Orchestrated a Freshdesk ML pipeline end-to-end using Dagster, including asset dependency design, scheduling, SQL query refinements, and dynamic Pydantic-based environment configuration for accurate multi-environment pipeline runs.
Built a BigQuery data validation framework from scratch using Pandera, standardizing schema validation across datasets with multi-environment CI/CD support (sandbox, staging, production, EU region); migrated the project to a monorepo polylith architecture and standardized GCP client usage.
Designed and provisioned BigQuery datasets, materialized views, scheduled queries, and day-partitioned tables across multi-region deployments (SG and EU), supporting BI and analytics workloads for customer success, talent acquisition, and finance; managed fine-grained IAM access at dataset and table level for internal teams and service accounts.

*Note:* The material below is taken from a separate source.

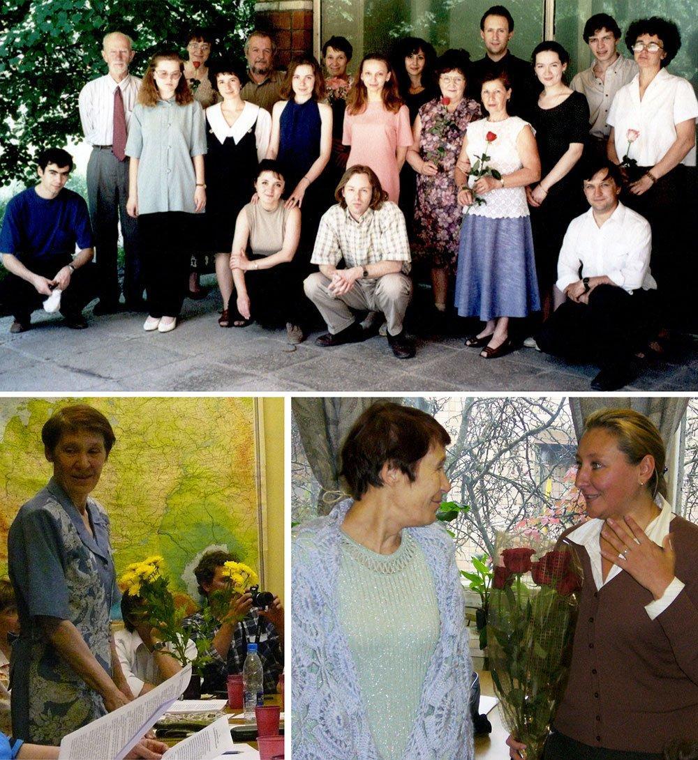 Рисунок 5. Кафедра Системной экологии Учебного центра математической биологии ПущГУ. Вверху. После защиты магистерских работ в июле 1998 года. Сидят слева направо: Рейф Виталий Эдгарович (магистр), Сарычева Елена Петровна (аспирантка), Цыпляновский Андрей Михайлович (аспирант), Быховец Сергей Станиславович (ст. преподаватель). Стоят (первый ряд, слева направо): Синотова Оксана Александровна (магистр), Рубашко Галина Евгеньевна (магистр), Есипова Елена Сергеевна (магистр), Диденко Елена Геннадьевна (магистр), Медведева Ирина Федоровна (зав. учебной частью), Валентина Сергеевна (лаборант), Турубанова Светлана Афанасьевна (магистр), Ханина Лариса Геннадьевна (к.б.н., доцент). Стоят (второй ряд, слева направо): Павлов Вадим Николаевич (д.б.н., профессор, председатель ГЭК), Паленова Мария Михайловна (к.б.н., доцент), Комаров Александр Сергеевич (к.б.н., доцент, зав. кафедрой), Смирнова О.В. (д.б.н., профессор), Манукянц Анна Валерьевна (магистр), Тимофеев Владимир Викторович (магистр), Бобровский Максим Викторович (ст. преподаватель). Внизу слева. Выступление О.В. Смирновой на защите магистерских работ 18 июня 2007 года. Внизу справа. Смирнова О.В. и Леонова Наталья Алексеевна (к.б.н., доцент кафедры ботаники, физиологии и биохимии растений Пензенского университета) после научного семинара 11 октября 1996 года на кафедре Системной экологии

Maintained a PostgreSQL-to-BigQuery data reconciliation function with OIDC authentication, EU region support, and unit test coverage; developed and maintained an internal back-office application on Cloud Run with role-based file export restrictions, centralised authorization config, and access control unit tests.
Standardized CI/CD pipeline patterns across the data engineering team; led migration of multiple projects from Poetry to uv; adopted Pulumi as the primary IaC tool replacing Terraform; implemented OIDC-based short-lived credential authentication; established semantic versioning and automated release workflows using python-semantic-release.